Supplied material >>
• • •
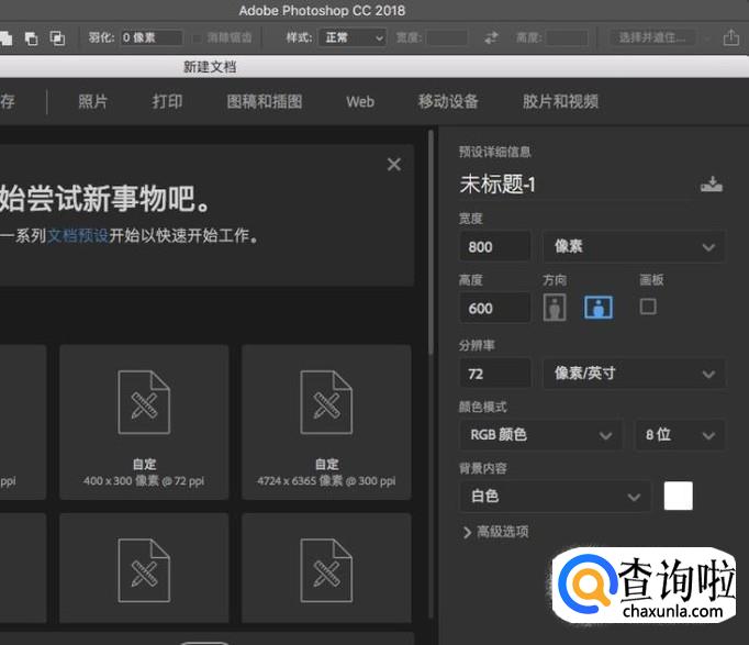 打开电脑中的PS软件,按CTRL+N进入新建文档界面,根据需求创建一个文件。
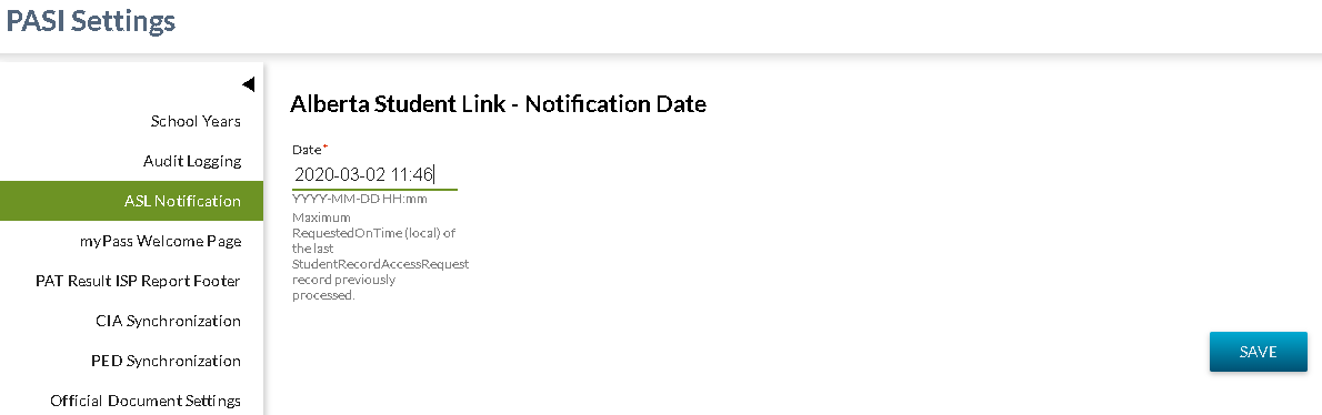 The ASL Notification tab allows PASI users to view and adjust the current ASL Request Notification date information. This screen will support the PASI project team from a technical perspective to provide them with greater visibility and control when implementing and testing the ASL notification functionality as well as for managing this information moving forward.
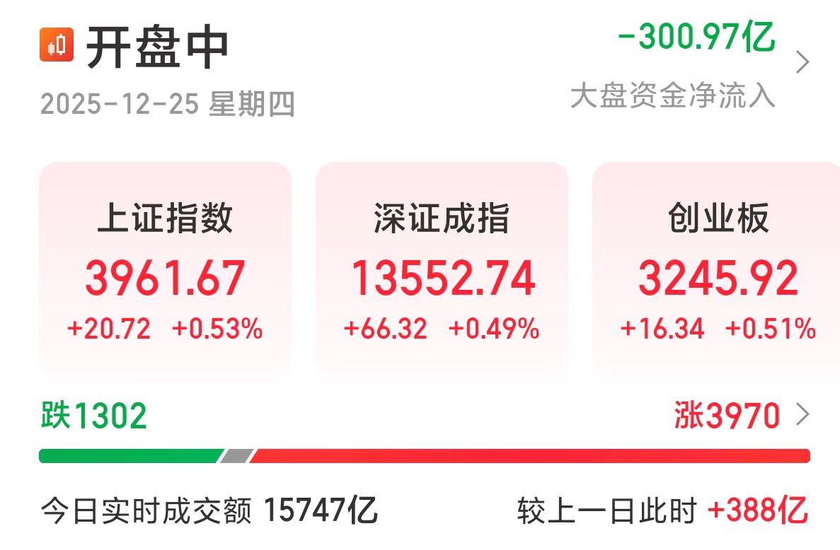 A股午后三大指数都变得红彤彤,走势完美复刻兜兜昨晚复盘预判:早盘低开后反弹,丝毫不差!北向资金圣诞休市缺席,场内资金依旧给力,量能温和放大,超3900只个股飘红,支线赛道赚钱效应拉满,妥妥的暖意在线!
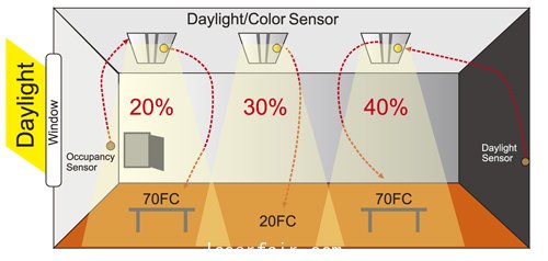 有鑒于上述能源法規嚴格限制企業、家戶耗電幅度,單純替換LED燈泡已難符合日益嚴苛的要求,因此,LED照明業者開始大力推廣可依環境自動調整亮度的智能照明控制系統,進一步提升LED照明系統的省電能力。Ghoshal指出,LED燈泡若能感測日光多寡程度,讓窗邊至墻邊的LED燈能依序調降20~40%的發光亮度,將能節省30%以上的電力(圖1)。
• • •
What this task involves >>
The copy must match the listing above exactly, except that it holds no pictures.

Reply >>
 打开电脑中的PS软件,按CTRL+N进入新建文档界面,根据需求创建一个文件。
 The ASL Notification tab allows PASI users to view and adjust the current ASL Request Notification date information. This screen will support the PASI project team from a technical perspective to provide them with greater visibility and control when implementing and testing the ASL notification functionality as well as for managing this information moving forward.
 A股午后三大指数都变得红彤彤,走势完美复刻兜兜昨晚复盘预判:早盘低开后反弹,丝毫不差!北向资金圣诞休市缺席,场内资金依旧给力,量能温和放大,超3900只个股飘红,支线赛道赚钱效应拉满,妥妥的暖意在线!
 有鑒于上述能源法規嚴格限制企業、家戶耗電幅度,單純替換LED燈泡已難符合日益嚴苛的要求,因此,LED照明業者開始大力推廣可依環境自動調整亮度的智能照明控制系統,進一步提升LED照明系統的省電能力。Ghoshal指出,LED燈泡若能感測日光多寡程度,讓窗邊至墻邊的LED燈能依序調降20~40%的發光亮度,將能節省30%以上的電力(圖1)。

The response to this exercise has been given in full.